Activity:
Copy out exactly the lines from the one containing "мускус, пачули |" through the end of the records, and no pictures.

Stored data entries:
☆ ☆ ☆ ☆ ☆ ☆ ☆

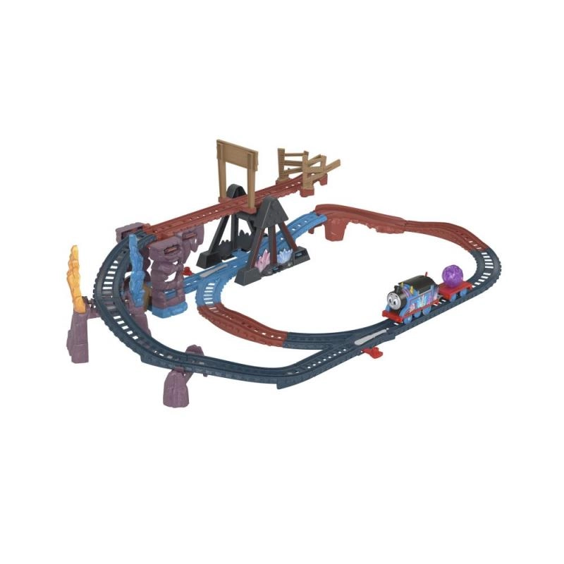 Ξεκινήστε κρυστάλλινη περιπέτεια με τον Thomas! Αυτό το δυναμικό σετ τρένων προσφέρει πολυεπίπεδη διαδρομή με καταρρέουσα γέφυρα, διασταύρωση και θεματικά “κρυστάλλινα” στοιχεία. Με έναν διακόπτη στην οροφή του τρένου, ο Thomas ξεκινά να κινείται στις ράγες και μεταφέρει το φορτίο στη σπηλιά.
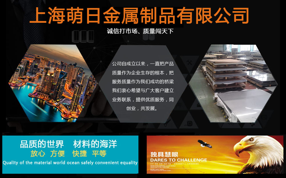 上海萌日金屬制品有限公司一直致力于為國內(nèi)各大中型國有企業(yè),外資企業(yè),民營獨(dú)資企業(yè),模具制造企業(yè),機(jī)械加工企業(yè),石油化工企業(yè)及器械企業(yè)等供應(yīng)各種特種鋼材,進(jìn)口/國產(chǎn)鋁合金,不銹鋼,合金結(jié)構(gòu)鋼,42CrMo鋼板,35CrMo鋼板,40Cr鋼板,合金圓鋼,中厚板,鍛件,法蘭,鋼帶,軸承鋼,易切鋼,不銹圓鋼,合金管,矩形鋁管,無縫鋁管,鋁管,工業(yè)鋁管進(jìn)口及國產(chǎn)方胚/鋼錠/鋁錠,應(yīng)用于機(jī)械,機(jī)電,造船,工程,煤礦,紡織,電力,鍋爐, 汽車工業(yè)等各個(gè)領(lǐng)域。我公司可以根據(jù)客戶對特殊材料的要求進(jìn)行材料和產(chǎn)品的定制,可按ISO,ANSI,JIS,DIN,GB等標(biāo)準(zhǔn)定制,我們將本著"誠實(shí)守信,合作共贏,長期合作"的理念與新老客戶一起進(jìn)步發(fā)展。
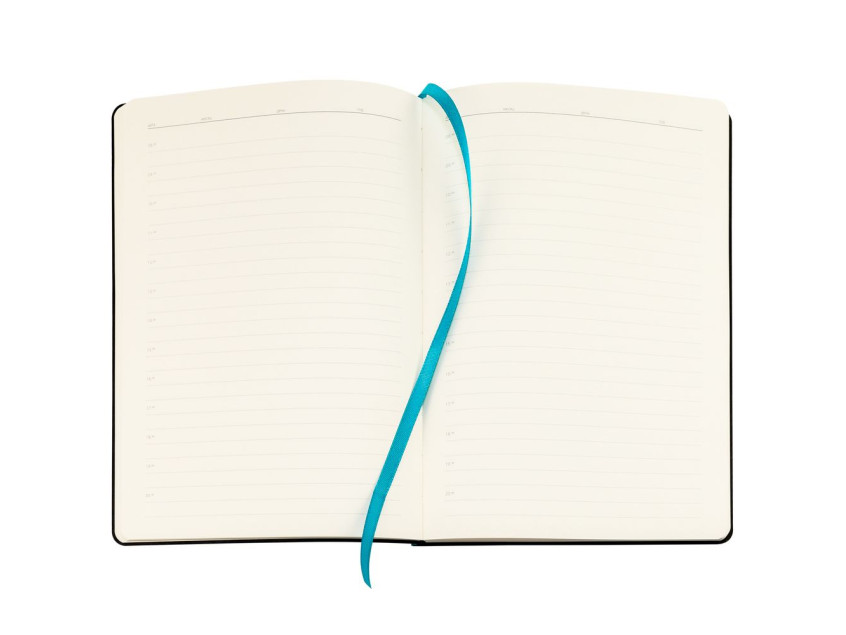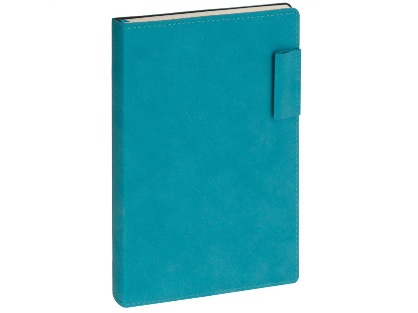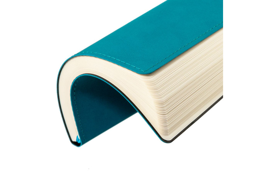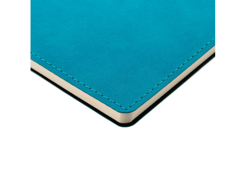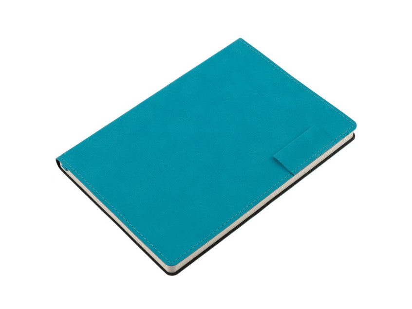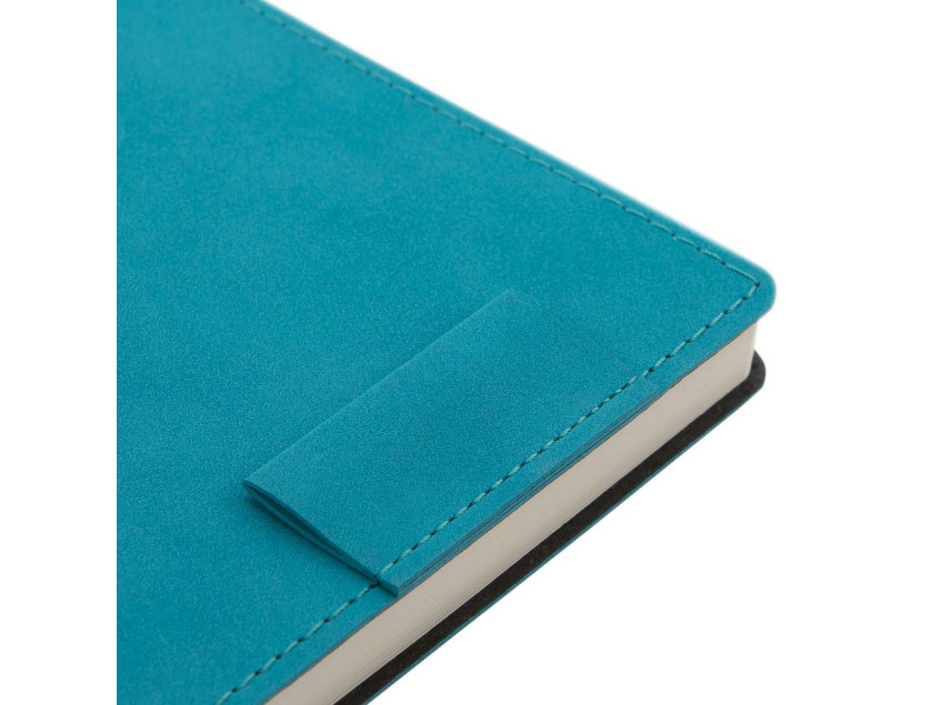 Ежедневник с гибкой обложкой, выполнен из материала Nubuck, цвет морской волны II, дополнен петлей-лейблом для ручки и ляссе в цвет материала.
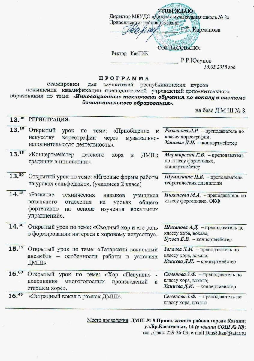 16 марта - стажировка для слушателей республиканских курсов повышения квалификации преподавателей учреждений дополнительного образования по теме: «Инновационные технологии обучения по вокалу в системе дополнительного образования». (на базе ДМШ № 8) Программа семинара. https://edu.tatar.ru/priv/page2399.htm/page3597880.htm# (см.фото)
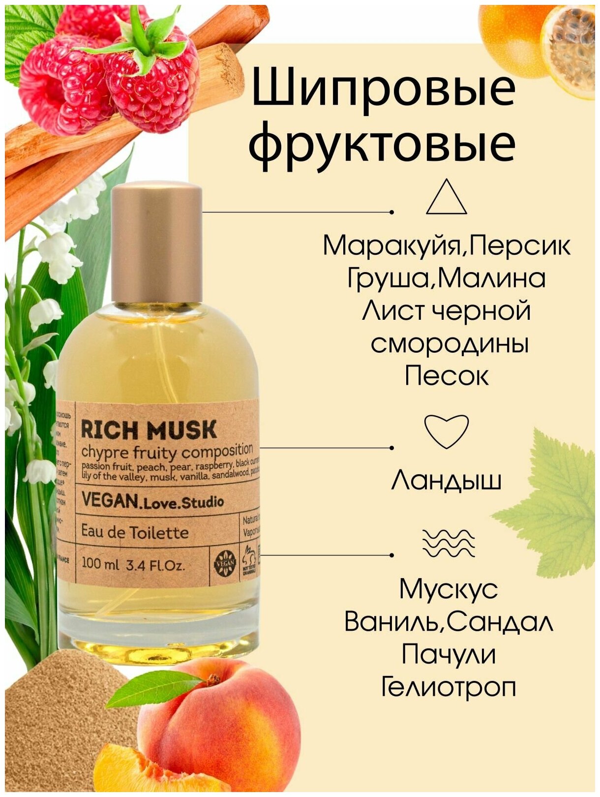 | Базовые ноты | ваниль, мускус, пачули |
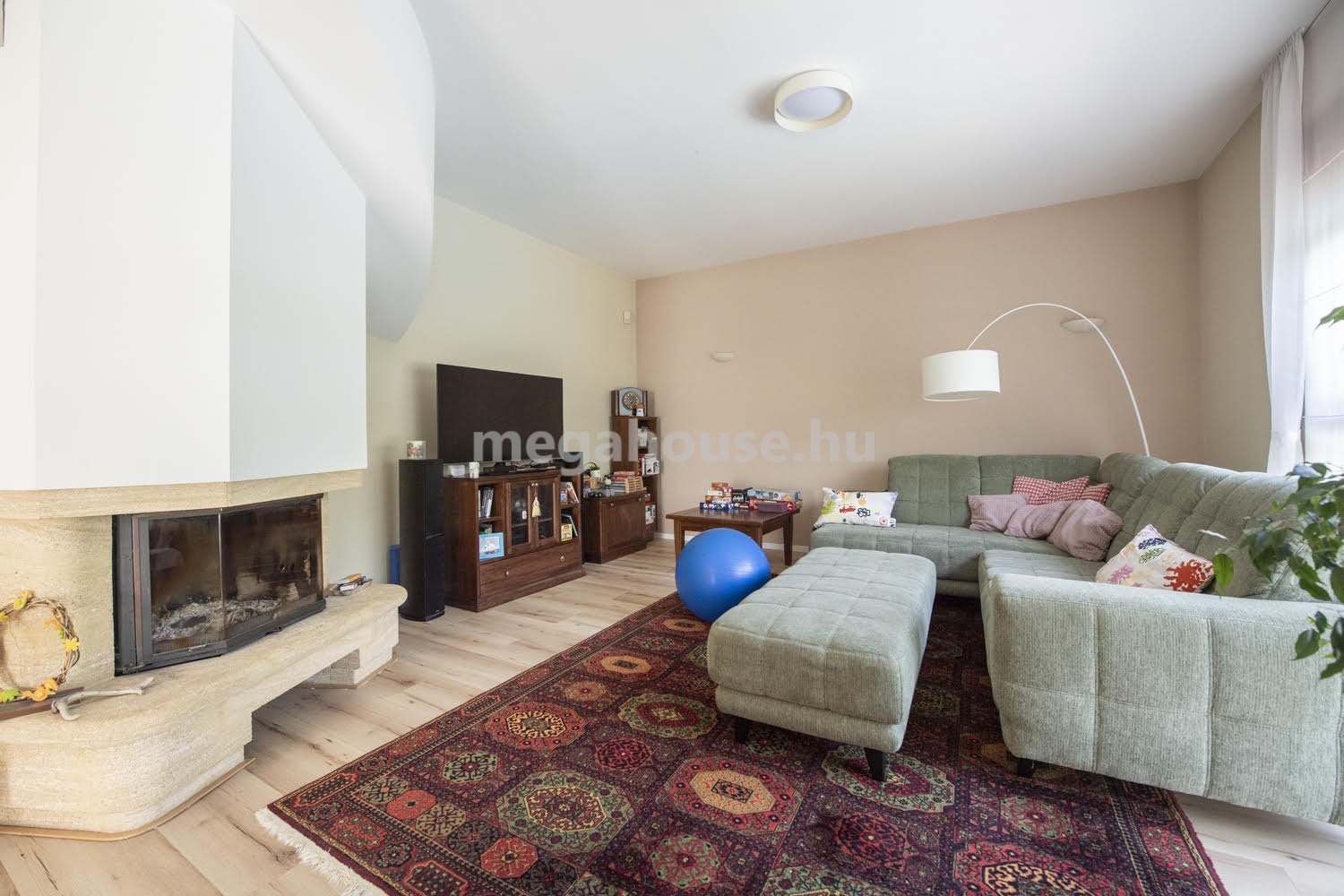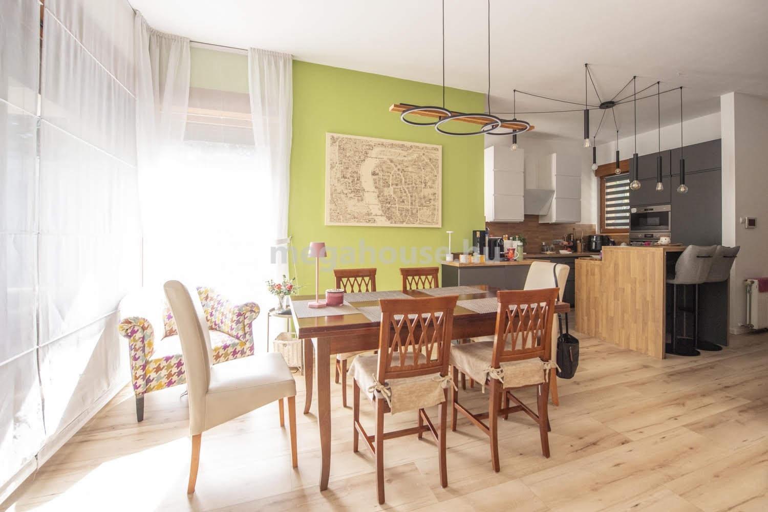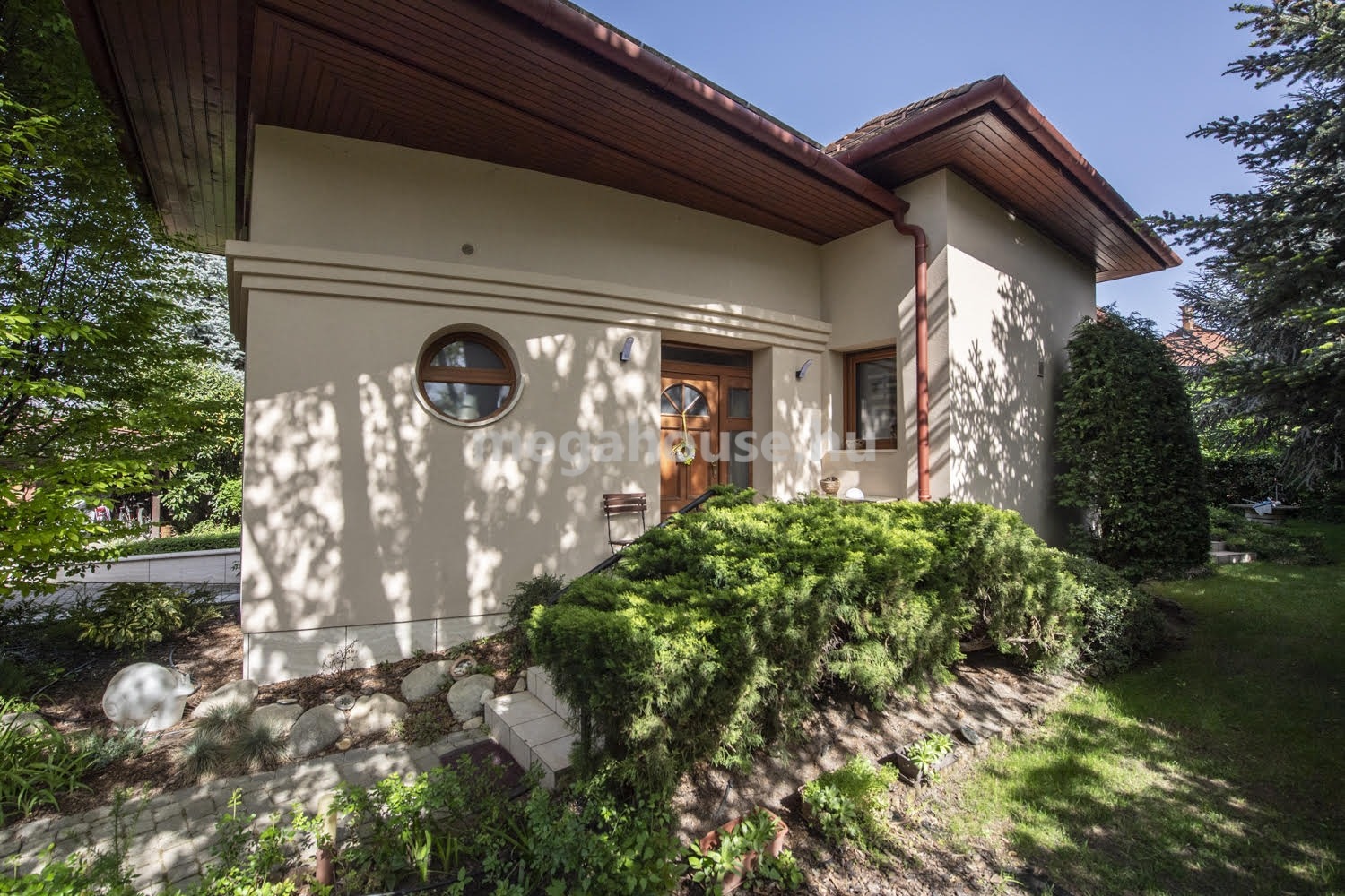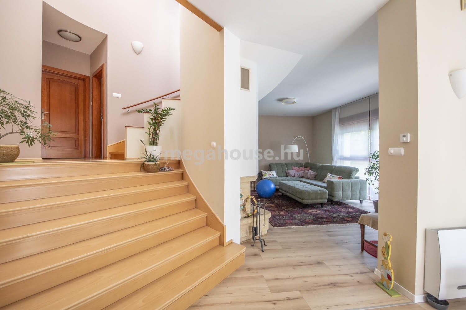 A ház nagyon jó elosztású. A földszinten található egy teljeskörűen felújított és gépesített konyha, mellette egy kényelmes étkező helyiség, azon túl pedig egy gyönyörű kandallóval felszerelt, nagy belmagasságú, impozáns nappali. Innen nyílik a 15 nm-es napellenzővel felszerelt terasz, ahonnan a szépen gondozott, öntözőrendszerrel ellátott, örökzöldekkel beültetett intim kertbe érünk.

☆ ☆ ☆ ☆ ☆ ☆ ☆

Task output:
 | Базовые ноты | ваниль, мускус, пачули |
 A ház nagyon jó elosztású. A földszinten található egy teljeskörűen felújított és gépesített konyha, mellette egy kényelmes étkező helyiség, azon túl pedig egy gyönyörű kandallóval felszerelt, nagy belmagasságú, impozáns nappali. Innen nyílik a 15 nm-es napellenzővel felszerelt terasz, ahonnan a szépen gondozott, öntözőrendszerrel ellátott, örökzöldekkel beültetett intim kertbe érünk.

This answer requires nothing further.